If you receive a gift you don't like, do your best to suspend your initial reaction of 'what is this?' Repeat back the gift to the giver as a way to build a delay to your initial emotional response.
For example, 'A wreath made from straws... What an interesting concept,' Alpert says.
Focus on the person's thoughtfulness rather than his or her choice in gift. Remember what your mom taught you: It's the thought that counts.
'Sometimes this holds truer than others -- this is one of those times,' Alpert says. 'So, you might say something like, 'It is really nice of you to think of me.' Or, 'I really appreciate you taking the time to get me a gift.''
Try to find something positive about the item.

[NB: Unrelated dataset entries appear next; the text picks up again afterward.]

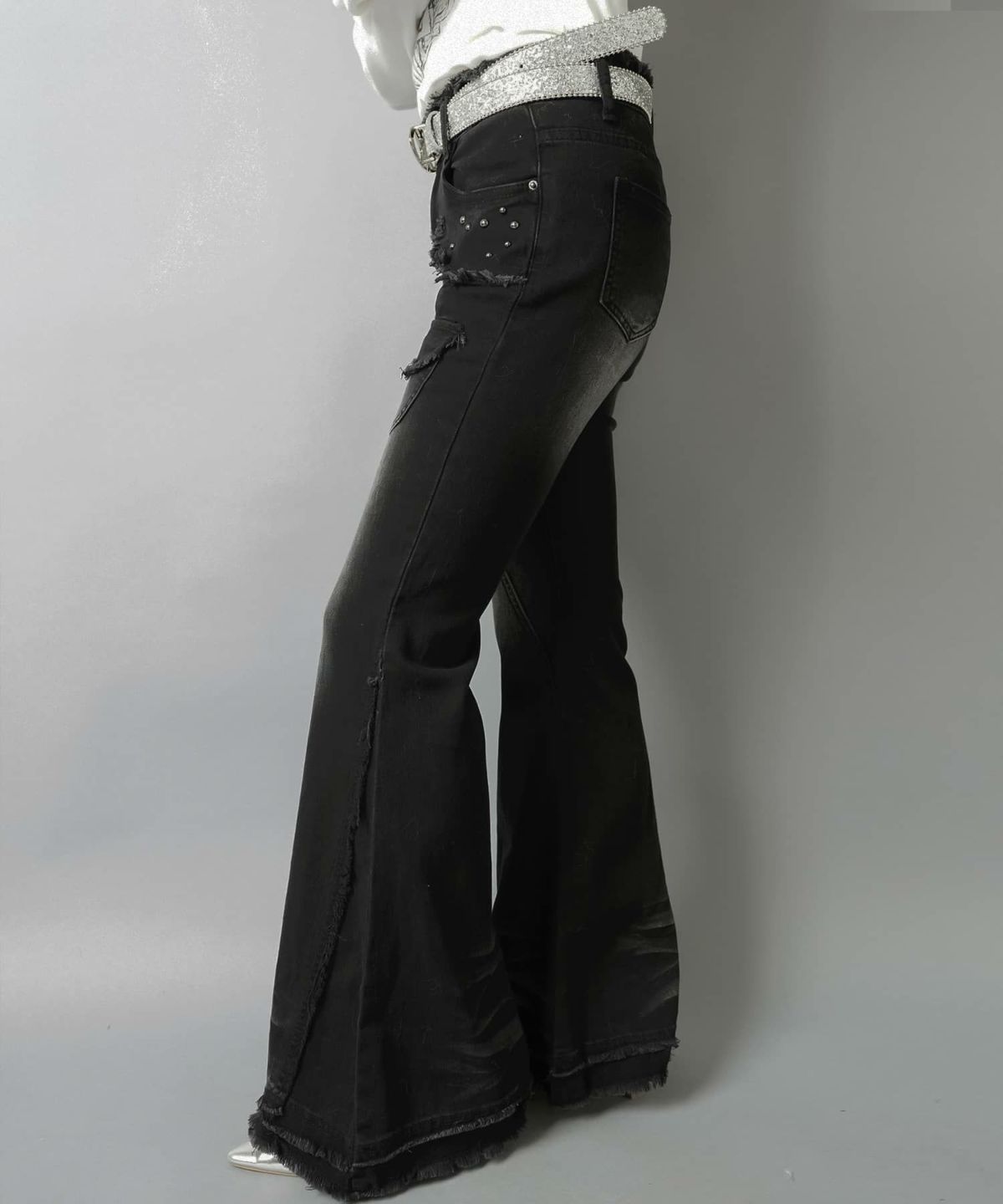 デニムフレアパンツ/ポケットスタッズ/2サイズ展開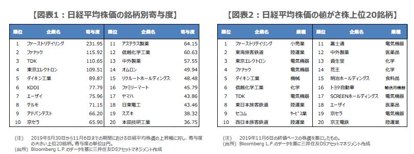 この上げ幅に対し、寄与度が最も大きかったのは、ファーストリテイリングの231円95銭でした。その次に大きかったのは、ファナックの115円92銭です。以下、順にTDKの110円65銭、東京エレクトロンの109円51銭、ダイキン工業の89円87銭となっています(図表1)。5銘柄の寄与度を合計すると、657円90銭になりますが、これは上げ幅の約25%に相当します。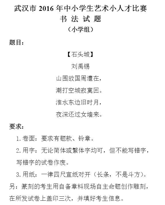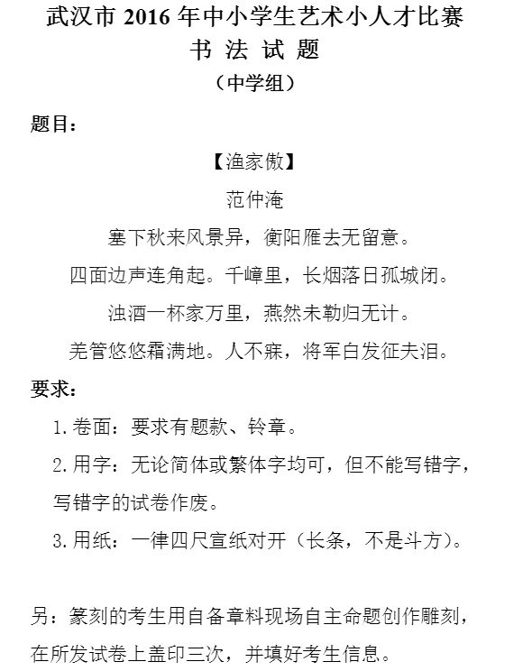 每年11月左右武汉市各区级艺术小人才比赛开始报名,获奖者将有资格进入2019年市级艺术小人才比赛。由于市级艺术小人才比赛名额有限制,按各区在校人数来分配,所以各区分配到的名额不同,有的区获区级一等奖可参加市级比赛,而有的区则不行。很多区都是从一等奖获奖选手里推荐评分排名靠前的考生。艺术小人才分音乐类和美术类两个大类,音乐类包括声乐、舞蹈、器乐、综艺,美术类包括绘画、陶艺、书法,每年3月中下旬举行市级艺术小人才比赛。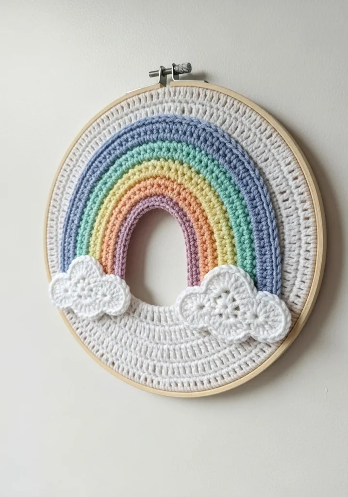 This crochet wall hoop showcases a soft pastel rainbow arched over fluffy white cloud shapes. The layered rows of color create a gentle gradient effect, and the tight stitches keep the design crisp and clean inside the round frame. Mounted against a neutral wall, it feels bright and uplifting.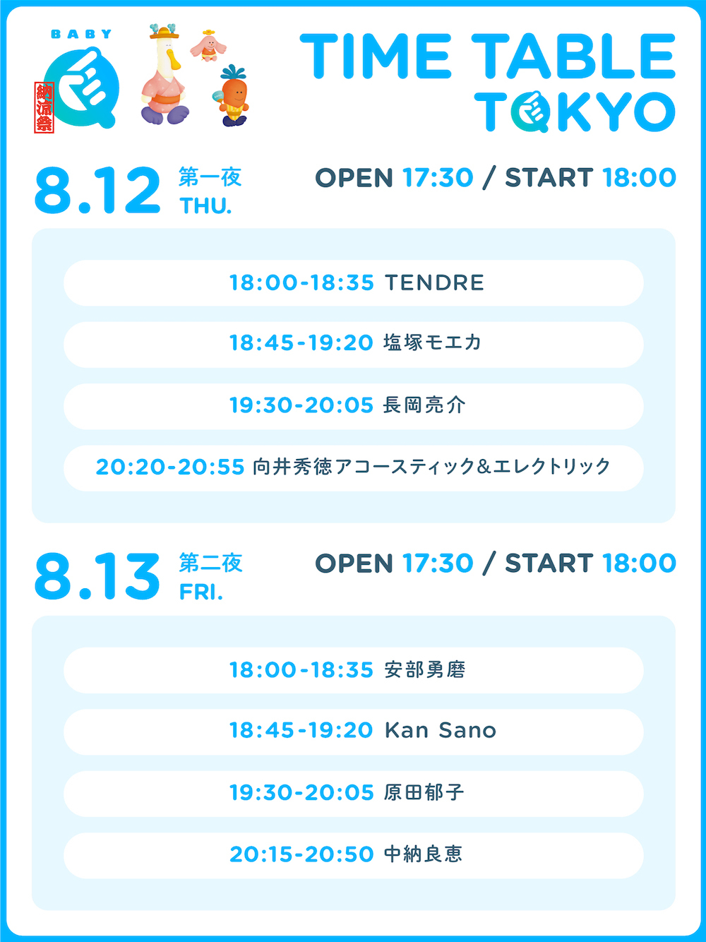 『BABY Q 納涼祭』東京場所タイムテーブル

If you receive a really ugly wool sweater, for example, Alpert suggests focusing on the warm part. Say something like, 'This sweater looks really warm and will come in handy this winter.'
Be brief, say thank you and move on by directing a question at the gift giver. Dwelling on the gift will only encourage conversation about it, Alpert says.
A good response is something like, 'Thank you so much for thinking of me. How are your holiday plans coming along?'
After some time has passed, feel free to exchange or donate the gift, or give it to someone who might appreciate it more than you do. Just make sure that person doesn't have contact with the original gift giver.
Especially when it comes to clothing or extremely personal items, it's common for the receiver to not like the gift. If you have doubts that the person will like the gift you bought, provide a gift receipt. Let him or her know you weren't entirely sure about the color or fit so you have enclosed a gift receipt. This helps to eliminate that awkward moment for both people, Alpert says.